EXCERPTED DATA Block Start
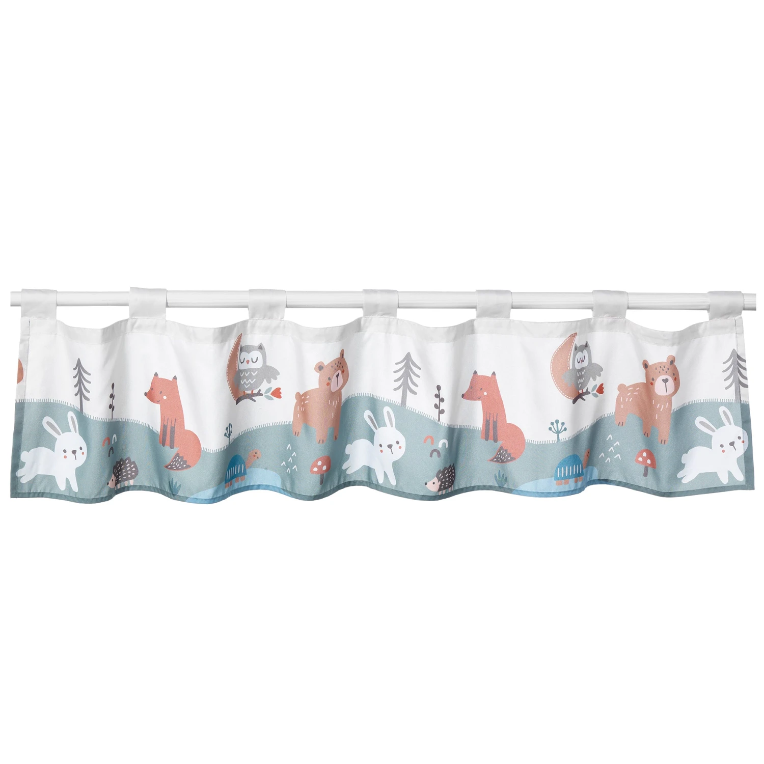 Complete the look of this charming nursery with the window valance. It softens the look of the window and coordinates perfectly with the Bedtime Originals bedding set or it can be used as an accent with your own room design. It is 54” long and 13.5” in height. There are seven 3” tabs on top for easy hanging using a standard rod (rod not included). It is cute, colorful and features our friendly animals. SKU: 238029, UPC: 084122013957.
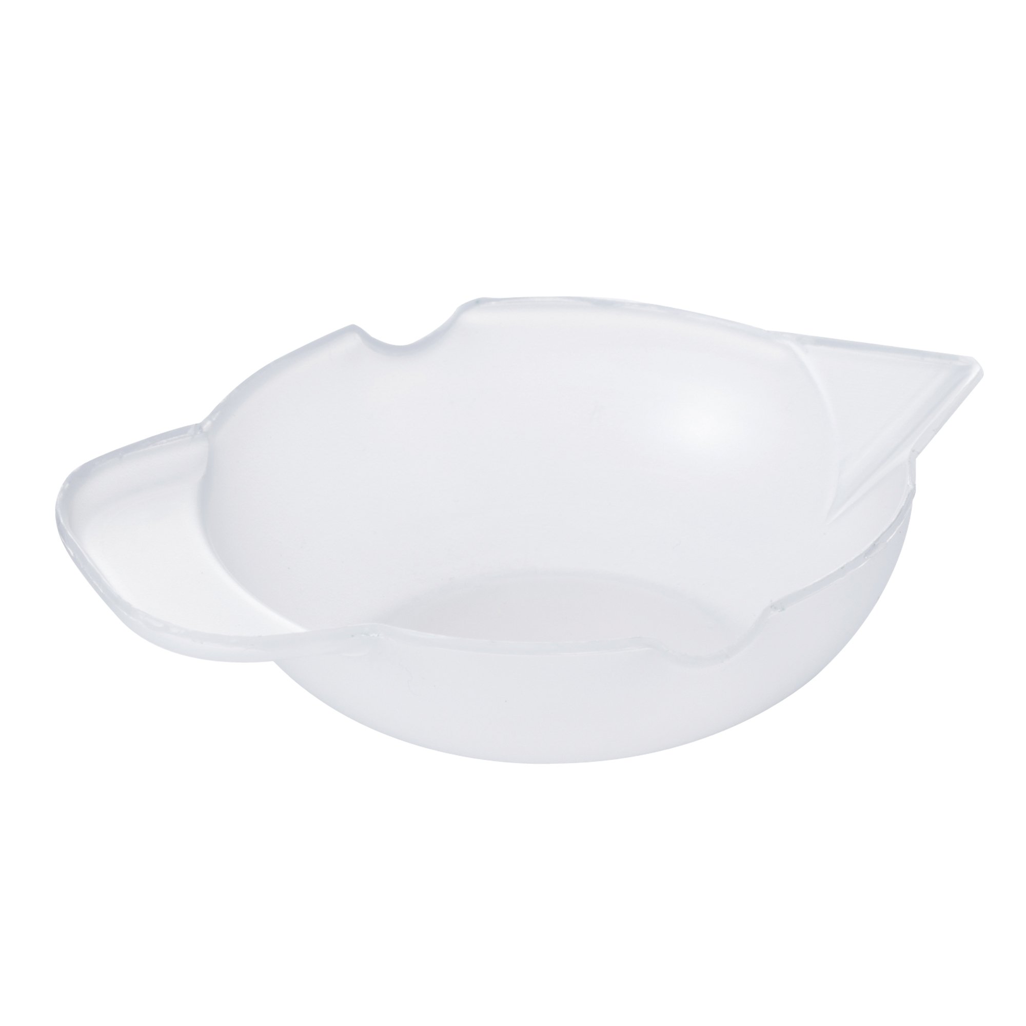 It is a translucent, bowl-shaped palette with a handle and pour spout.
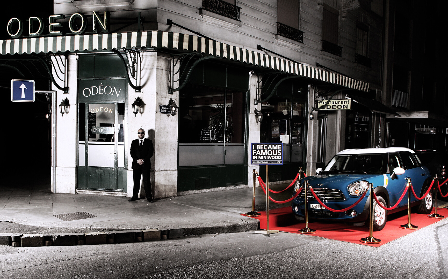 Das Gerücht, dass Guerilla-Marketing illegal ist, widerlegten wir mit der Weltpremiere des neuen „MINI Countryman“ in Genf: Mit einer überdimensionalen Projektion des Schriftzuges „MINIWOOD“ auf der Bergkette des Mont Salève, den berühmten Sternen des „Walk of Fame“ auf dem Asphalt der Uno-Metropole, Postkarten mit dem MINIWOOD-Motiv und Stickern mit dem Slogan „I became famous in MINIWOOD“, brachte MINI filmreifes Hollywood-Feeling nach Genf. Rund um den Flughafen kündigten wild angebrachte Premierenplakate den Film „Getaway“ an, analog den neuen Claim: „MINI Countryman“. Dieser Film und die begleitende Aktion „Red Carpet Parking“ boten dem Newcomer aus MINIWOOD einen exponierten Auftritt.
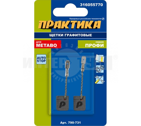 Щетки графитовые для METABO (аналог 316055770) 6x12.5x15 мм, автостоп ПРАКТИКА 790-731 предназначены для установки в коллекторные электродвигатели. Изготовлены из электрографита средней твердости.
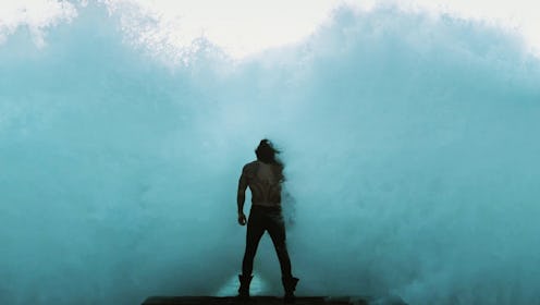 First, we see a glimpse of Jason Momoa as Aquaman, standing triumphantly while what seems to be a tsunami comes rushing toward him. Then we get another visual of Batman throwing Aquaman his magical trident. It looks like something action-packed is about to go down, but all I can wonder is — why are Batman's batty mitts are all over Aquaman's trident? Especially after the next clip, where we catch a glimpse of what the watery superhero can do with his tool, which appears to be manipulating the ocean to do his bidding while rocking the most intense high-concentration face I — nay, the world — has ever seen.
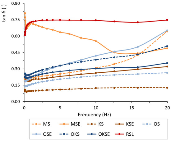 To determine the viscoelastic properties of studied creams and to evaluate the storage modulus (G′), loss modulus (G″), and phase angle (tan δ), the frequency sweep was performed. The mechanical spectra (viscoelastic moduli as a function of frequency) obtained at the 25 °C and 0.1% strains are plotted in Figure 1. The predominance of the storage modulus over the loss modulus in the whole range of frequencies studied indicated that all creams exhibited a gel-like behaviour, probably related to an internal three-dimensional network structure [37]. The results showed two groups of plant-based creams with different viscoelastic behaviour, as can be seen in Figure 1. Oat–coconut creams (OKS, OKSE) exhibited viscoelastic properties different t other samples. For these cream types, the viscoelasticity was enhanced by the emulsifier application, as shown by lower values of phase angle (tan δ) determined for OKSE in the applied frequency range (Figure 2). We hypothesise that the mix composition of oatmeal and coconut particles (1:1 weight percentage ratio), with a higher volume percentage of coconut particles, caused a decrease in tan δ, i.e., the emulsifier slightly increased the viscoelasticity of OKSE.
EXCERPTED DATA Block End
> **WORK TASK**: Could the lines from the first entry through the line that contains "Das Gerücht, dass" be copied exactly, with all pictures left out?

> **EXERCISE RESPONSE**:
 Complete the look of this charming nursery with the window valance. It softens the look of the window and coordinates perfectly with the Bedtime Originals bedding set or it can be used as an accent with your own room design. It is 54” long and 13.5” in height. There are seven 3” tabs on top for easy hanging using a standard rod (rod not included). It is cute, colorful and features our friendly animals. SKU: 238029, UPC: 084122013957.
 It is a translucent, bowl-shaped palette with a handle and pour spout.
 Das Gerücht, dass Guerilla-Marketing illegal ist, widerlegten wir mit der Weltpremiere des neuen „MINI Countryman“ in Genf: Mit einer überdimensionalen Projektion des Schriftzuges „MINIWOOD“ auf der Bergkette des Mont Salève, den berühmten Sternen des „Walk of Fame“ auf dem Asphalt der Uno-Metropole, Postkarten mit dem MINIWOOD-Motiv und Stickern mit dem Slogan „I became famous in MINIWOOD“, brachte MINI filmreifes Hollywood-Feeling nach Genf. Rund um den Flughafen kündigten wild angebrachte Premierenplakate den Film „Getaway“ an, analog den neuen Claim: „MINI Countryman“. Dieser Film und die begleitende Aktion „Red Carpet Parking“ boten dem Newcomer aus MINIWOOD einen exponierten Auftritt.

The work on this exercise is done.